■ Data:
-*-*-

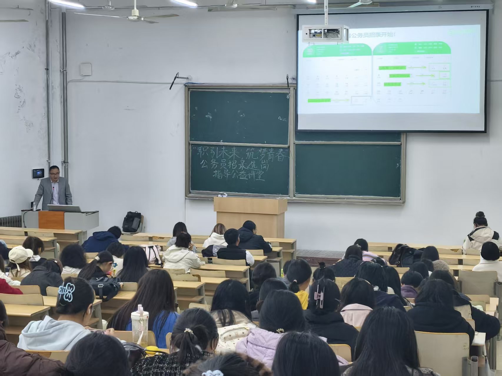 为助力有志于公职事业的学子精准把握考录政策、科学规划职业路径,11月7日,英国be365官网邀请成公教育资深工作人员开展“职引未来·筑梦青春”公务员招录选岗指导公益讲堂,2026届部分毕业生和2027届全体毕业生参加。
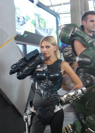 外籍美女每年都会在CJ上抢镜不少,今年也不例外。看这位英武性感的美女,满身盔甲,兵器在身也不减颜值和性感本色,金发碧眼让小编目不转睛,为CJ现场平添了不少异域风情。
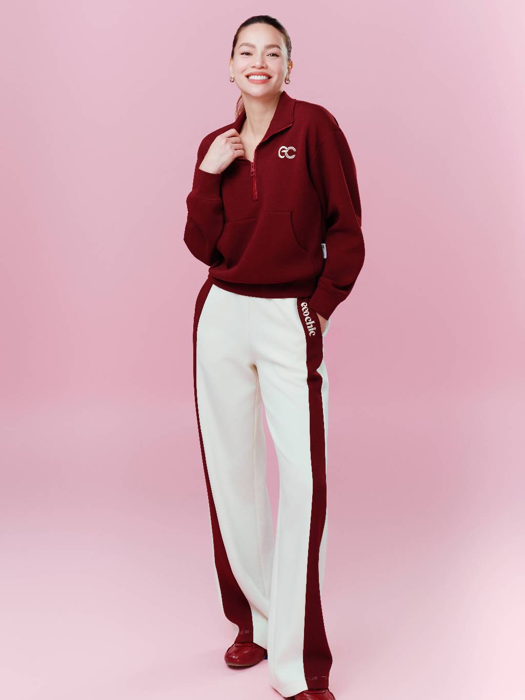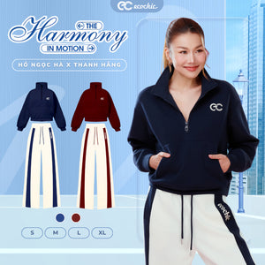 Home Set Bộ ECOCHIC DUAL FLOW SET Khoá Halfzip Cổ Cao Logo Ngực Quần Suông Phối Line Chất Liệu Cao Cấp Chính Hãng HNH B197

-*-*-

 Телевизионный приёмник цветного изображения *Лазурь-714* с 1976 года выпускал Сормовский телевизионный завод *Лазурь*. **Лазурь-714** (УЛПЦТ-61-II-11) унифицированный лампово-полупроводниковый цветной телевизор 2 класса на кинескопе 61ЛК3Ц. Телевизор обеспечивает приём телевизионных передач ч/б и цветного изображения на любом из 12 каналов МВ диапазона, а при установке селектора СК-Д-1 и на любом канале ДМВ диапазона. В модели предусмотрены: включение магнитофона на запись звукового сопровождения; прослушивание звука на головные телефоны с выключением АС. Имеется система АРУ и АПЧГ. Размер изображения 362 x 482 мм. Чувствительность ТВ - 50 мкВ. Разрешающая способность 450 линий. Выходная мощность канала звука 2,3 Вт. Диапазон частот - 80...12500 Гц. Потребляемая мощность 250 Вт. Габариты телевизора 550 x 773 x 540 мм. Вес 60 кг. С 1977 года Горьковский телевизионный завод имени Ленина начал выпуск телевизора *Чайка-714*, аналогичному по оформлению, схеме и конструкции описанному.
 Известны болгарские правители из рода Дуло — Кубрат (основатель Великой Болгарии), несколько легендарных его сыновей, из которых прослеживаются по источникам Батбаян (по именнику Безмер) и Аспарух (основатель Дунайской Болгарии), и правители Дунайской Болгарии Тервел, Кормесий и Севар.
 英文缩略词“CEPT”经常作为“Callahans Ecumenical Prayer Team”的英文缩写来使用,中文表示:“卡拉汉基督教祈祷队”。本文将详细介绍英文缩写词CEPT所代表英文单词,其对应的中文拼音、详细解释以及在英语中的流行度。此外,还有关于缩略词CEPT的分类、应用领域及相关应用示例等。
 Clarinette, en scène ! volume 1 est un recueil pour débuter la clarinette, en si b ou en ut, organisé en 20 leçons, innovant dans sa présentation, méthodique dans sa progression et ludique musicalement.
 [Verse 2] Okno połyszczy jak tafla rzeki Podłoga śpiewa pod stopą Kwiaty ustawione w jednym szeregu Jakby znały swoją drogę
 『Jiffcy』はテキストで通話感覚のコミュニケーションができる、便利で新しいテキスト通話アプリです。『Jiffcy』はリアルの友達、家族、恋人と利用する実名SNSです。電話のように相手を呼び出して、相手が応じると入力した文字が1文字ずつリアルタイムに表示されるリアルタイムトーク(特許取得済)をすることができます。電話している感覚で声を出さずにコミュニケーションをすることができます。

-*-*-

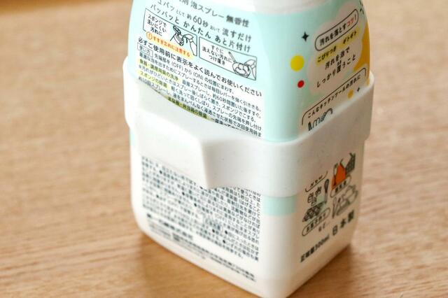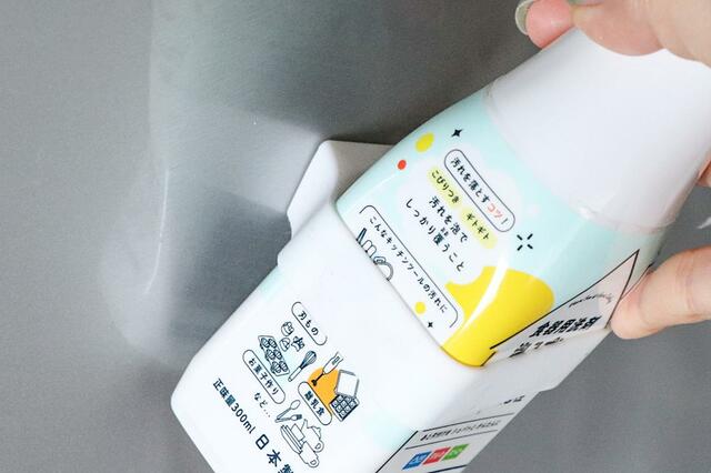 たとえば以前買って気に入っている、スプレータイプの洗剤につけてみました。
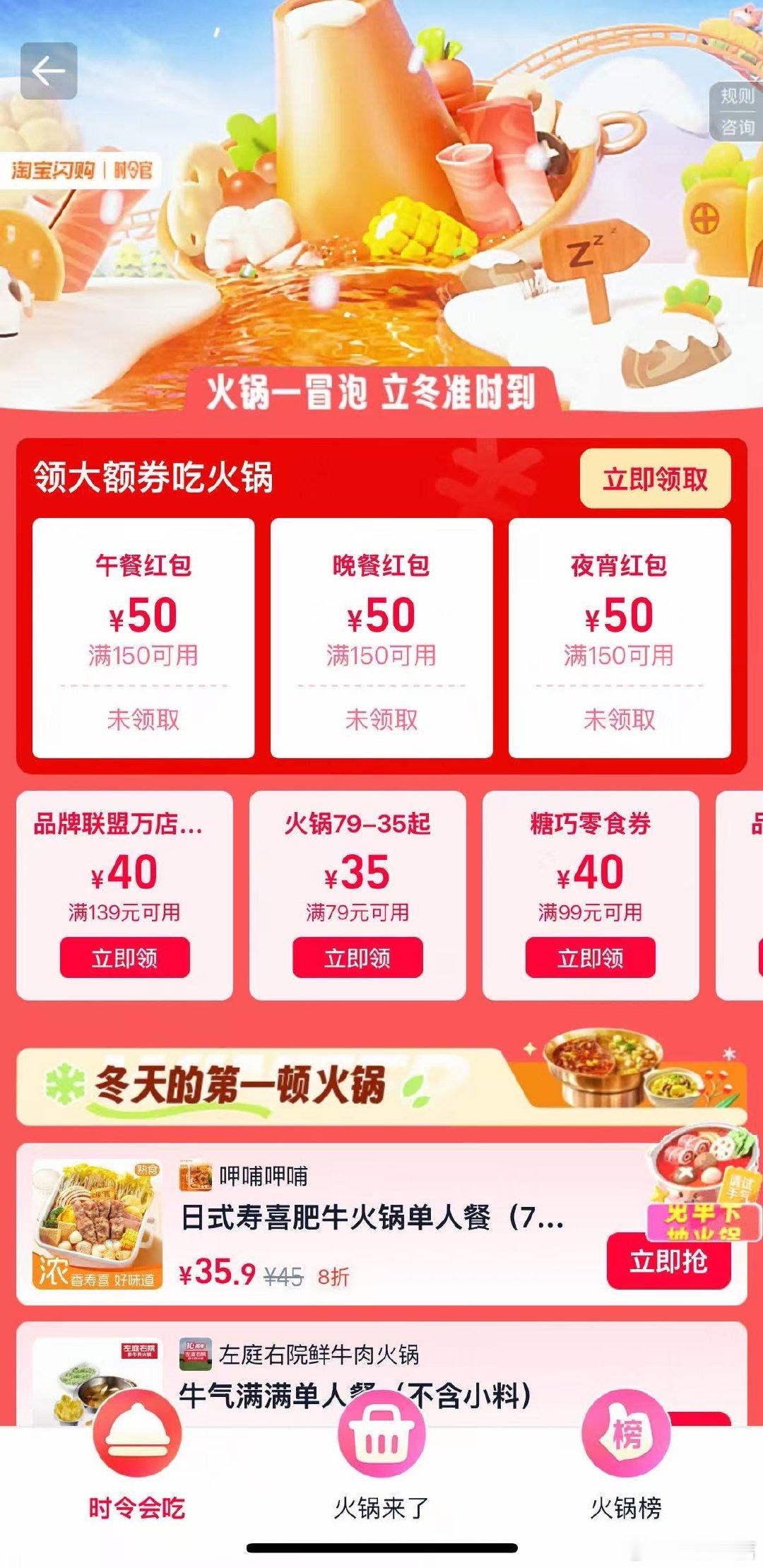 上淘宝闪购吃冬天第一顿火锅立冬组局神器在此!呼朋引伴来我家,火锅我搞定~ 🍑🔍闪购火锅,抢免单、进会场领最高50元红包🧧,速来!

-*-*-

■ Problem: Nothing outside the stretch above, from the line with "为助力有志于公职事业的学子精" through the line with "Home Set Bộ", is set down. Transcribe that stretch exactly, ends included, but not its pictures.

■ Finished exercise:
 为助力有志于公职事业的学子精准把握考录政策、科学规划职业路径,11月7日,英国be365官网邀请成公教育资深工作人员开展“职引未来·筑梦青春”公务员招录选岗指导公益讲堂,2026届部分毕业生和2027届全体毕业生参加。
 外籍美女每年都会在CJ上抢镜不少,今年也不例外。看这位英武性感的美女,满身盔甲,兵器在身也不减颜值和性感本色,金发碧眼让小编目不转睛,为CJ现场平添了不少异域风情。
 Home Set Bộ ECOCHIC DUAL FLOW SET Khoá Halfzip Cổ Cao Logo Ngực Quần Suông Phối Line Chất Liệu Cao Cấp Chính Hãng HNH B197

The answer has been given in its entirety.